Здраво оценив и опасность, и уязвимость испанского нашествия, Абл аль-Крим 1 июня 1921 г. выступил против захватчиков. Первоначально с ним шло буквально несколько сотен бойцов - его соплеменники из Бени Урьяхиль да кучка молодежи из других кланов, инстинктивно стремившейся к новому. Но Абд аль-Крим прекрасно знал не только испанцев, но и свой народ: он был уверен, что первые же успехи кратно увеличат число его сторонников. Рассчитывать на успех позволяла новая тактика: вместо лихих берберских атак в конном и пешем строю против колониальных войск он применил рассыпной строй стрелков, засыпавших захватчиков пулями с закрытых позиций. Заимствование из Англо-бурских войн, конечно, но против устаревшей испанской военной машины работало. Плотность огня обеспечивала большая партия пулеметов французских систем Гочкиса и Шоша, приобретенных благодаря наработанным в годы Первой мировой войны связям с контрабандистами во Французском Марокко. Испанская официозная пресса впоследствии утверждала, что убийственная меткость повстанческих пулеметов объяснялась тем, что за ними стояли профессионалы из "французских ренегатов и белых русских (sic!)". Полностью этот вариант исключить нельзя: французы - известные наемники, а военные-белоэмигранты появились в Бизерте (Тунис) с Русской эскадрой контр-адмирала М.А. Кедрова к февралю 1921 г. и теоретически могли успеть к началу Рифской войны, ускользнув из карантина французских властей.

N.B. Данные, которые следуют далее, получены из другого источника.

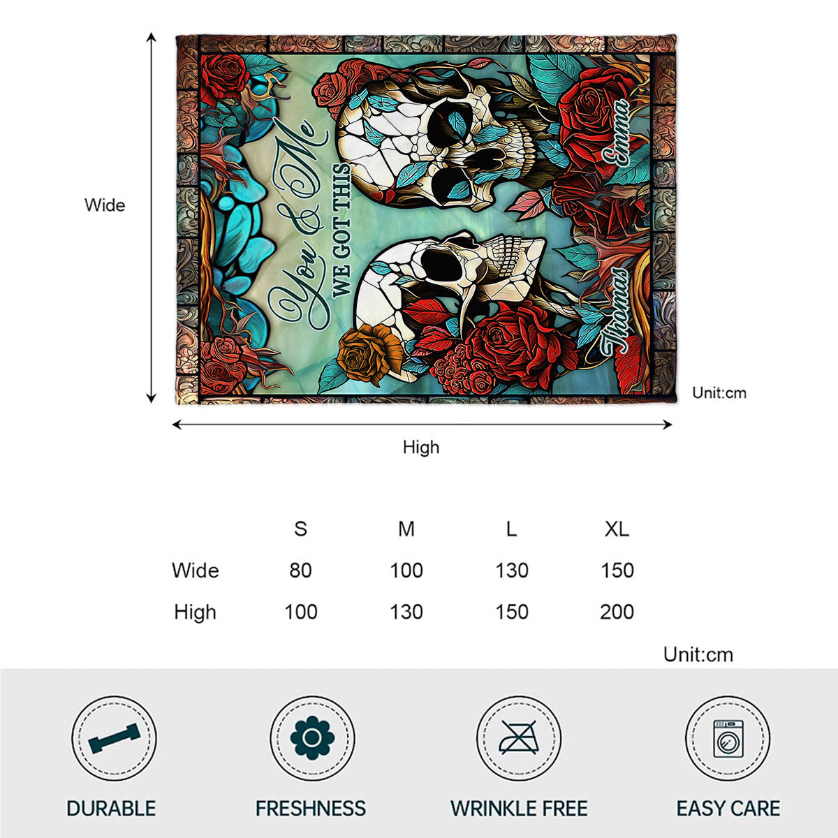 Skull Couple - Skull gift for husband, wife, boyfriend, girlfriend - Personalized Blanket

В начале июня Абд аль-Крим со своими сподвижниками атаковал несколько передовых испанских укреплений. Несмотря на отчаянную оборону гарнизонов, два из них были быстро взяты повстанцами, третье, прибрежное, отбивалось почти два месяца и пало только 25 июля (испанские канонерские лодки Laya и Lauria вывезли часть защитников). Эти успехи рифийцев принесли им трофейную артиллерию (8 полевых орудий калибром 75-мм), первых перебежчиков из числа туземной милиции ("харки"), первых пленных и, главное, убеждение в том, что система связи и взаимодействия у испанцев налажена отвратительно. Осажденные отчаянно сигнализировали о помощи гелиографом (в 1921-м то году, когда радио и полевой телефон были нормой!), но, как оказалось, в одном случае главные силы этого не видели, в другом - подмога не пробилась. Генерал Мануэль Сильветсре расценил гибель отдаленных постов как "частную неудачу" и слишком позно осознал положение дел. Решившись, наконец, запросить у генерального комиссара в Мелилье Домасо Беренгера поддержки, дон Мануэль отчаянно боялся назвать вещи своими именами: "ситуация несколько щекотливая", "отправка дополнительных сил желательна".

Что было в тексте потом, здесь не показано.